In more primitive...

... times, (in October 1999, to be precise) Channel 4 transmitted the first comprehensive UK TV history of pornography some ten years after its producer, Fenton Bailey, originally pitched2 the idea. This must be one of the harsher examples of a production lingering in "development hell." Part of the agonising was simply over the title. "Was this to be a history of porn or erotica? As art critic Edward Lucie-Smith points out, parents have no problem looking at Bronzino's Venus, Cupid, Folly and Time, (aka Allegory of Lust, by Agnolo Bronzino, 1545) which depicts a naked woman being French-kissed by a naked boy who is not only underage but also her son, while they are having kittens about their kids seeing things on the Internet."

Fast forward to today, and the "work" of an Italian artist yclept Anna Utopia Giordano who has been reworking some classic nudes to align them with more "modern" standards of beauty. She's tackled the Bronzino — you can see the original if you click the pic:

Venus, Cupid, Folly and Time

Here are further examples of this artistic vandalism. (My opinion.) And I fairly recently captured an amusing counter-example, using Michelangelo's David, here.

Nice to see...

... AC Grayling ripping into a book, even if I missed its original appearance (I must have been busy):

The questions range over creation, the existence of evil, evolution, intelligent design and most of the other familiar old debating points, plus "How does the death of Jesus save the world?", "Why believe Jesus rose from the dead?" and "How much do you need to believe to be a Christian?"
Since these latter questions premise membership of the asylum already, I shall focus just on the various questions that touch on the relation of science and religion, because the interest attaching to Polkinghorne is that he is a physicist who became a Church of England vicar, which makes people think that he has a special line into the science-religion question. Were he a vicar who gave up the Church of England to become a physicist he would not be regarded as anything more special than sensible; but this is how the world wags.

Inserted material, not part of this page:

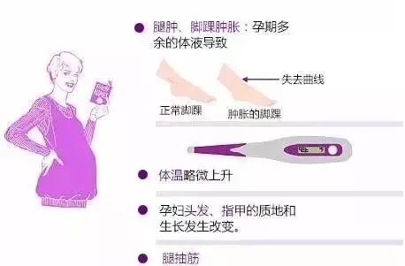 腿抽筋:孕期大腹便便,容易疲劳发生腿抽筋,过量的磷、钙和镁的缺乏以及怀孕期间激素的波动都会导致腿抽筋现象。

AC Grayling in New Humanist

I particularly giggled over The gaps-god and best-explanation strategies (which both come down to "we don't know the answer so let's say Fred did it") can be left to sink in the murk of their own fatuity. Who wouldn't?

Right. Time I wasn't here. The mist seems to be burning off nicely.

Today's walk...

... is by no means the longest one we do, though it starts in Petersfield, so is relatively far-flung. However, the ascent of "Shoulder of Mutton" is a severe test of the calf muscles. There's a view from our lunch bench. (There's a photo of what it looked like in rather clearer conditions in May 2008.) Today's weather was glorious, but very hazy. Still, I'm sure the exercise does us good :-)

After a shower and a cuppa, I almost feel human again, too. It's now 15:31 and I snaffled Mike's copy of Twiglit #4 for my evening pixels. The copy Junior has bought for me has yet to materialise.


... the kerfuffle about a current 'Doonesbury' strip that's characterising Texan laws that mandate sonograms (apparently in a bid to get women wanting abortions to change their minds on seeing an image of a fetus) as "state rape" I can only wish that Texan journalist Molly Ivins was still alive so I could read what she made of it all.



1  Oddly, just like the BBC predicted.
2  In 1981, as a student and co-editor of Isis, the Oxford University magazine, Bailey had reviewed the state of the porn business in an "Empire of the Senses" issue that WH Smith promptly withdrew from its shelves, so he may have had some inkling of what lay ahead.